◆ Aim of the task ◆
All lines from the one holding "ラックの会 ★ 小岩 2014年11月10日" through the last line of the entries below must be transcribed exactly, and no others. Pictures do not go in.

◆ Stored items from a collection ◆

▽

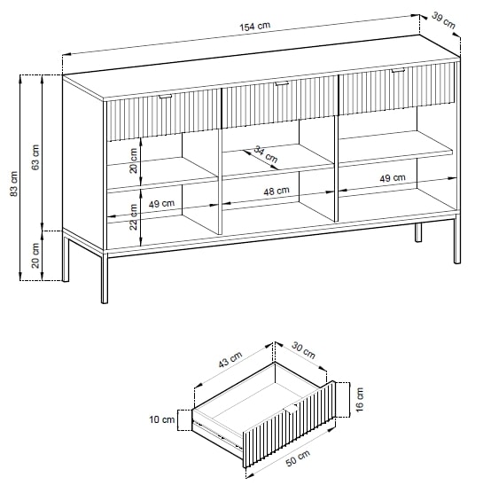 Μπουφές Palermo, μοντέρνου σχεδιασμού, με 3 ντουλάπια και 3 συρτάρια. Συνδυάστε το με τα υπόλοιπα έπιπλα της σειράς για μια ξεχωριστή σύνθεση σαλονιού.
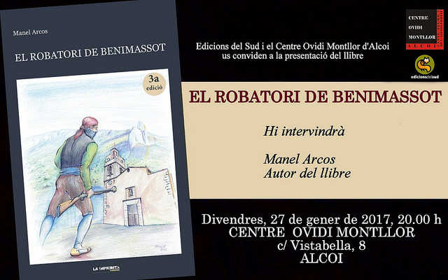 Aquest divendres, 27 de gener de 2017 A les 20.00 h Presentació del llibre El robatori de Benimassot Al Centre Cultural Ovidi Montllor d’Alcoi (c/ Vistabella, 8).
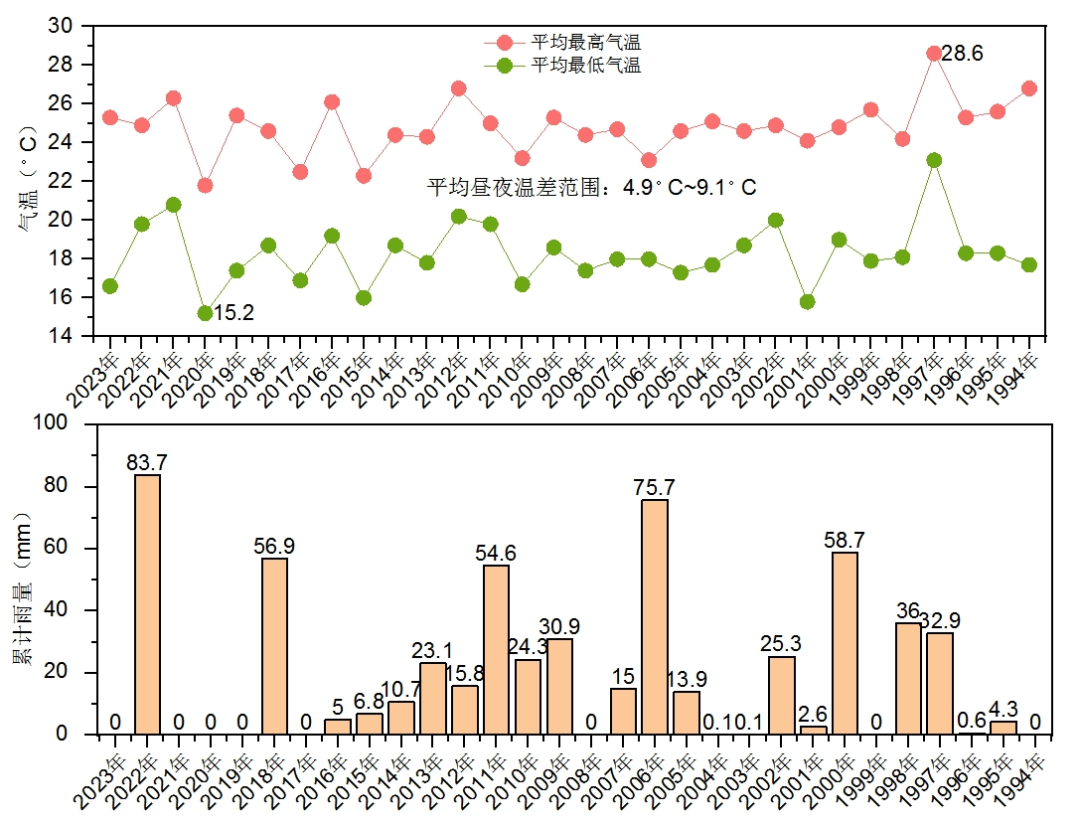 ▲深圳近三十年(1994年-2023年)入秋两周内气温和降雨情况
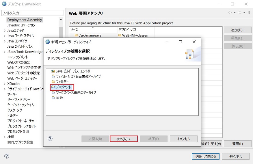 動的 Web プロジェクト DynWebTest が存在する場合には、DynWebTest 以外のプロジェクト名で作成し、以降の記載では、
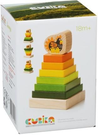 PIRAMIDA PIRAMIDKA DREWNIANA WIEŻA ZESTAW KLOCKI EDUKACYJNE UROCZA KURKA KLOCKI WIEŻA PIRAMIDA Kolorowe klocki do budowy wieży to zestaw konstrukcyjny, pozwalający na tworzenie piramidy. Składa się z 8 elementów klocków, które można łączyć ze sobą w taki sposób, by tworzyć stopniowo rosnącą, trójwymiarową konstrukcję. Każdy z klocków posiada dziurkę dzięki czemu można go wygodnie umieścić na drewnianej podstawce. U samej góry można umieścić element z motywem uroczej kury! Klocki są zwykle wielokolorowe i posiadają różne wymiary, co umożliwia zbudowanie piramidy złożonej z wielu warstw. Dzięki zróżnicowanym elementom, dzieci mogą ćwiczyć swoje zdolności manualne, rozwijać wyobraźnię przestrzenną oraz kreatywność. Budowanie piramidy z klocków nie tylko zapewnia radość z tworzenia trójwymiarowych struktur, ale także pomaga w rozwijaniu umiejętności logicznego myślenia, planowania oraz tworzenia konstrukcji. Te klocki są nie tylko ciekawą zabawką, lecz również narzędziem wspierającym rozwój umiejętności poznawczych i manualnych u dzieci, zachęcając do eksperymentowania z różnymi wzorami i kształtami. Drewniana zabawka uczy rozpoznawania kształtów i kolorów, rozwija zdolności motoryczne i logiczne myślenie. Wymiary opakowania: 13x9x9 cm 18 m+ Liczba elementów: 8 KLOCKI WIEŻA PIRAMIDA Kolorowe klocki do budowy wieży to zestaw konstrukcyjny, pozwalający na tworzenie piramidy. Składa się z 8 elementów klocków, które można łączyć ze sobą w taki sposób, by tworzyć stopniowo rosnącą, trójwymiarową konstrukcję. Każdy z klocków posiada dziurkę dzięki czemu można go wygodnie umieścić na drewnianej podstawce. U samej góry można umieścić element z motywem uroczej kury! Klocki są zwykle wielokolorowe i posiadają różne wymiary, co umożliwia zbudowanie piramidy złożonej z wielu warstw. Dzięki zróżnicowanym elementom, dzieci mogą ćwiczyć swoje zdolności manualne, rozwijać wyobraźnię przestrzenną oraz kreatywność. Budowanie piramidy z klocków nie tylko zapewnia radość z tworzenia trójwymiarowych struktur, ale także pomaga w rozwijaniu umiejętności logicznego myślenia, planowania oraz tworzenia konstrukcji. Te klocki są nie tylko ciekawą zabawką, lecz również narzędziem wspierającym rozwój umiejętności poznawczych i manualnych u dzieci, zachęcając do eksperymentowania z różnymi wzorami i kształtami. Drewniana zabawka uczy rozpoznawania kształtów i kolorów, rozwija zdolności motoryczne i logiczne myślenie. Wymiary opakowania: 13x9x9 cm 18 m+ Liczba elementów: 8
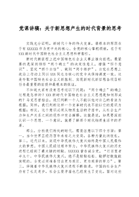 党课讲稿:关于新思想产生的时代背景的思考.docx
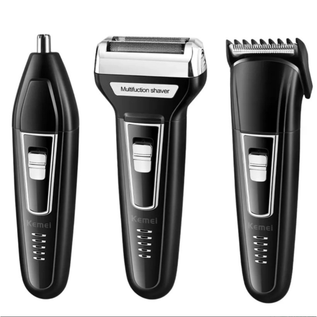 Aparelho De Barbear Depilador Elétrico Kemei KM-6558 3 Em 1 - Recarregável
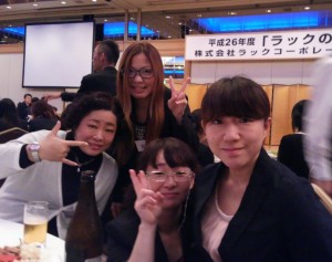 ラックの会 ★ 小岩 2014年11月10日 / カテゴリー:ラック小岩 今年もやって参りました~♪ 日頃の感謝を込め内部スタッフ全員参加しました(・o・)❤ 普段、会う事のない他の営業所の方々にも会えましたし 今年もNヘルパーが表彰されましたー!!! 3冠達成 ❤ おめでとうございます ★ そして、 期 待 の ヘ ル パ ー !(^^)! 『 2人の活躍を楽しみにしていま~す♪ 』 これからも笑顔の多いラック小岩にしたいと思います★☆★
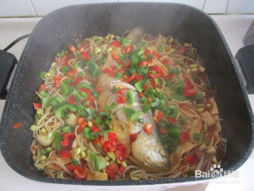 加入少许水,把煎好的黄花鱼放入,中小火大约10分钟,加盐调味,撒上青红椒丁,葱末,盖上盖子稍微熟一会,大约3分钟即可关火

△

◆ Solution for this exercise ◆
 ラックの会 ★ 小岩 2014年11月10日 / カテゴリー:ラック小岩 今年もやって参りました~♪ 日頃の感謝を込め内部スタッフ全員参加しました(・o・)❤ 普段、会う事のない他の営業所の方々にも会えましたし 今年もNヘルパーが表彰されましたー!!! 3冠達成 ❤ おめでとうございます ★ そして、 期 待 の ヘ ル パ ー !(^^)! 『 2人の活躍を楽しみにしていま~す♪ 』 これからも笑顔の多いラック小岩にしたいと思います★☆★
 加入少许水,把煎好的黄花鱼放入,中小火大约10分钟,加盐调味,撒上青红椒丁,葱末,盖上盖子稍微熟一会,大约3分钟即可关火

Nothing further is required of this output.